Input data:
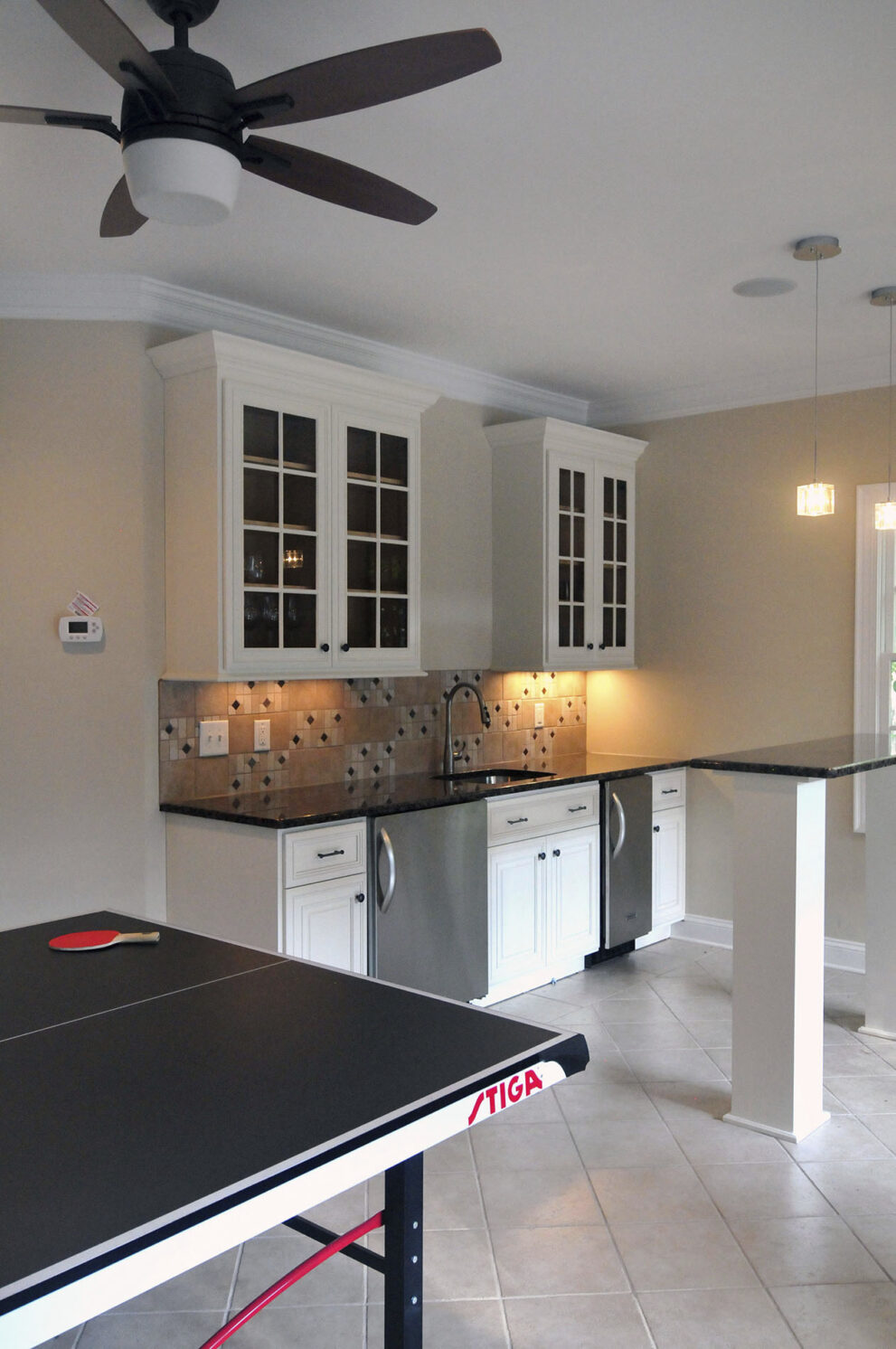 Here is a perfect spot to convince teens to hang out in your home. As our children grow, it becomes more important to provide a space for them and their friends where they can hang out, socialize and feel a little more “grown up” while they’re having fun. When the space isn’t being used for the kids in your life, it also makes a great spot for adults to watch the game, enjoy a game night or cozy up with a glass of wine and a little Netflix. This space checks all of those boxes making it a remodeling option that is fun, functional and adds value to your home.
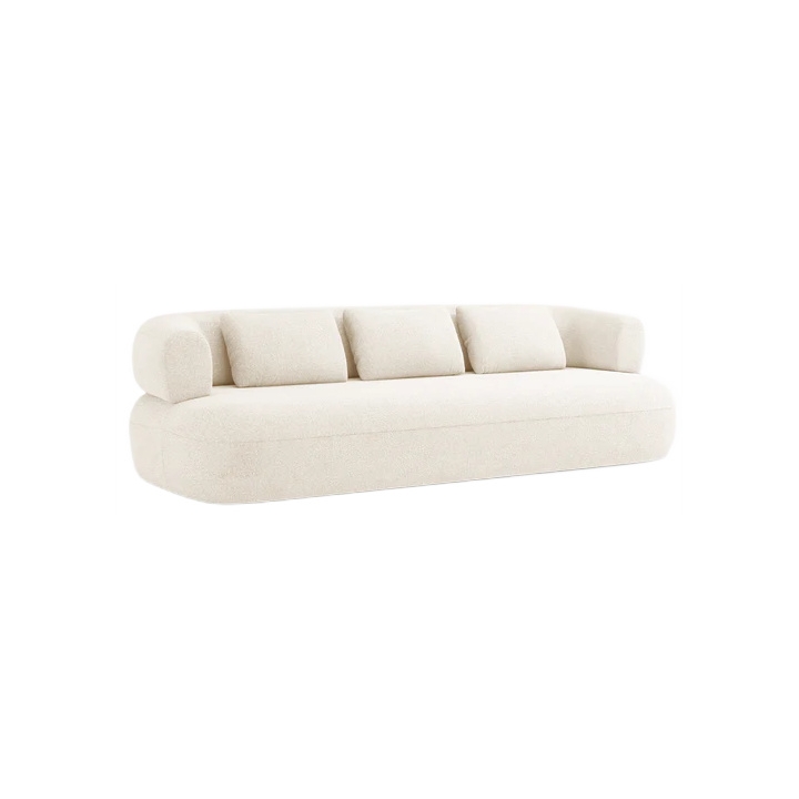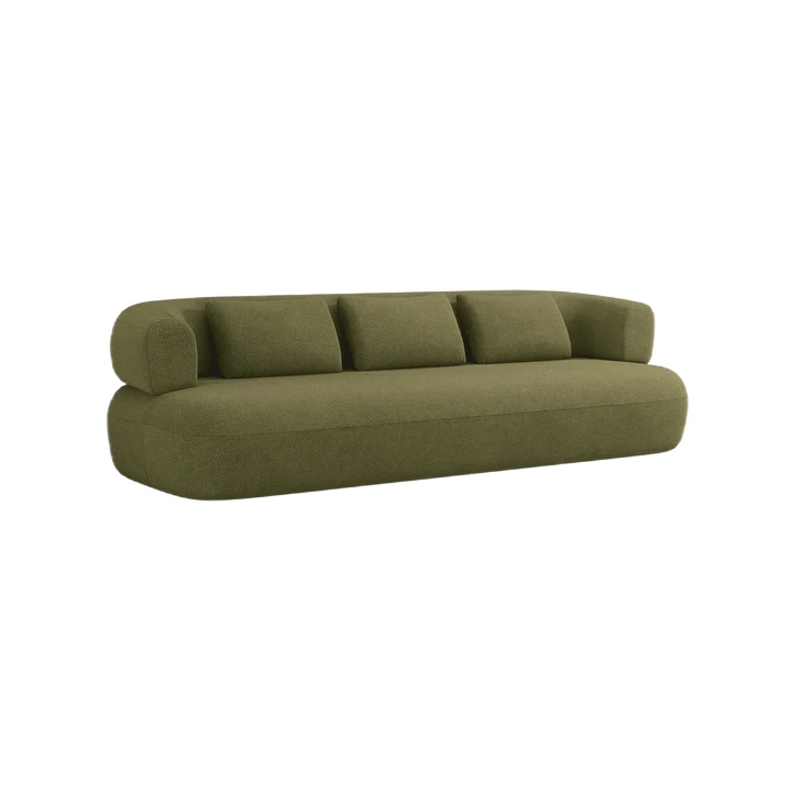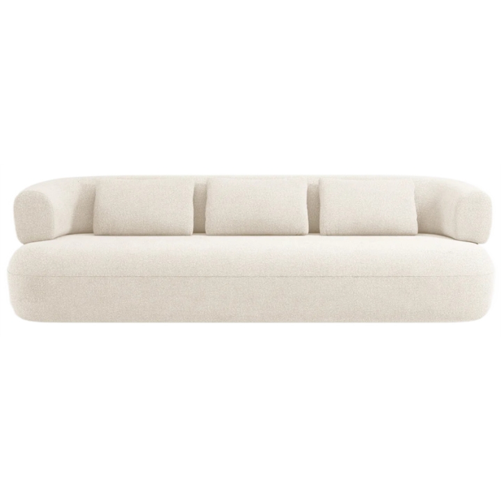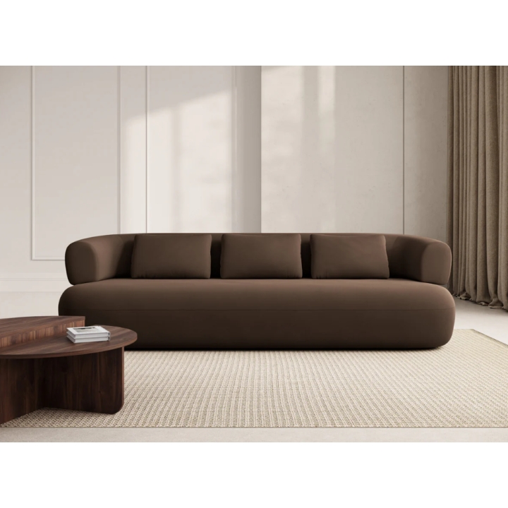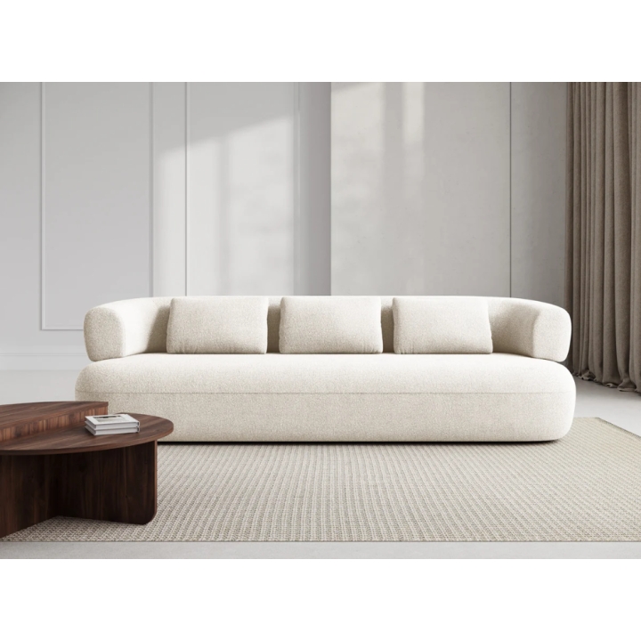 Sofa trzyosobowa Jenny od Micadoni to obszerny mebel wypoczynkowy, który przyciąga wzrok swoją obłą, nowoczesną sylwetką. Posiada 200 cm szerokości, 73 cm wysokości oraz 90 cm głębokości, co pozwala na komfortowe ugoszczenie trzech osób. Zaokrąglone krawędzie wprowadzają do pokoju dziennego harmonię oraz miękki, otulający klimat, który idealnie pasuje do współczesnych aranżacji.
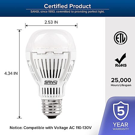 4-Pack Sansi 100W Equivalent LED Light Bulbs (Soft White, A19)
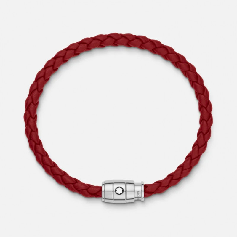 La creazione gioielliera, realizzata in pelle color Ruggine scuro, presenta una fibbia in acciaio pregiato finitura lucida con emblema Montblanc (misura 60).
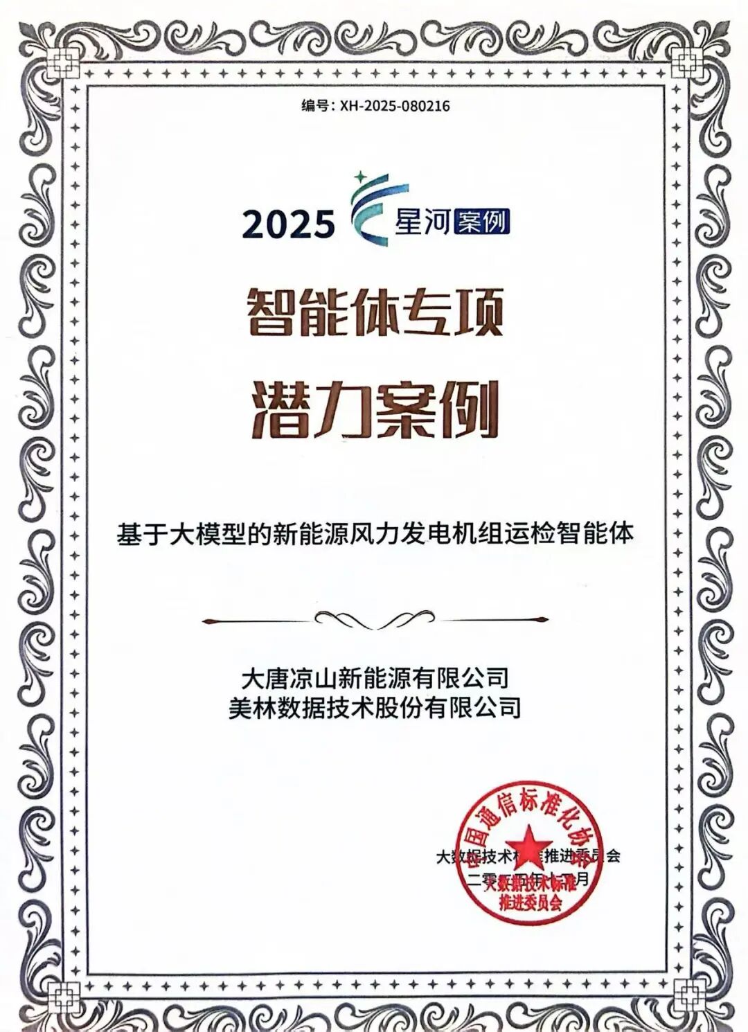 2025年12月18日,由中國通信標(biāo)準(zhǔn)化協(xié)會(huì)主辦的“2025數(shù)據(jù)資產(chǎn)管理大會(huì)”在北京隆重召開。會(huì)上,2025第九屆數(shù)據(jù)智能“星河”案例評(píng)選結(jié)果正式公布。大唐涼山新能源有限公司與美林?jǐn)?shù)據(jù)技術(shù)股份有限公司聯(lián)合申報(bào)的《基于大模型的新能源風(fēng)力發(fā)電機(jī)組運(yùn)檢智能體》從超930份申報(bào)項(xiàng)目中脫穎而出,成功入選智能體專項(xiàng)潛力案例,彰顯了大模型技術(shù)在新能源電力垂直行業(yè)的深度融合與創(chuàng)新應(yīng)用價(jià)值獲得認(rèn)可,為行業(yè)智能化轉(zhuǎn)型提供了可復(fù)制的實(shí)踐經(jīng)驗(yàn)。

Problem description:
Retype the whole of the data verbatim. Skip every picture.

Reply:
 Here is a perfect spot to convince teens to hang out in your home. As our children grow, it becomes more important to provide a space for them and their friends where they can hang out, socialize and feel a little more “grown up” while they’re having fun. When the space isn’t being used for the kids in your life, it also makes a great spot for adults to watch the game, enjoy a game night or cozy up with a glass of wine and a little Netflix. This space checks all of those boxes making it a remodeling option that is fun, functional and adds value to your home.
 Sofa trzyosobowa Jenny od Micadoni to obszerny mebel wypoczynkowy, który przyciąga wzrok swoją obłą, nowoczesną sylwetką. Posiada 200 cm szerokości, 73 cm wysokości oraz 90 cm głębokości, co pozwala na komfortowe ugoszczenie trzech osób. Zaokrąglone krawędzie wprowadzają do pokoju dziennego harmonię oraz miękki, otulający klimat, który idealnie pasuje do współczesnych aranżacji.
 4-Pack Sansi 100W Equivalent LED Light Bulbs (Soft White, A19)
 La creazione gioielliera, realizzata in pelle color Ruggine scuro, presenta una fibbia in acciaio pregiato finitura lucida con emblema Montblanc (misura 60).
 2025年12月18日,由中國通信標(biāo)準(zhǔn)化協(xié)會(huì)主辦的“2025數(shù)據(jù)資產(chǎn)管理大會(huì)”在北京隆重召開。會(huì)上,2025第九屆數(shù)據(jù)智能“星河”案例評(píng)選結(jié)果正式公布。大唐涼山新能源有限公司與美林?jǐn)?shù)據(jù)技術(shù)股份有限公司聯(lián)合申報(bào)的《基于大模型的新能源風(fēng)力發(fā)電機(jī)組運(yùn)檢智能體》從超930份申報(bào)項(xiàng)目中脫穎而出,成功入選智能體專項(xiàng)潛力案例,彰顯了大模型技術(shù)在新能源電力垂直行業(yè)的深度融合與創(chuàng)新應(yīng)用價(jià)值獲得認(rèn)可,為行業(yè)智能化轉(zhuǎn)型提供了可復(fù)制的實(shí)踐經(jīng)驗(yàn)。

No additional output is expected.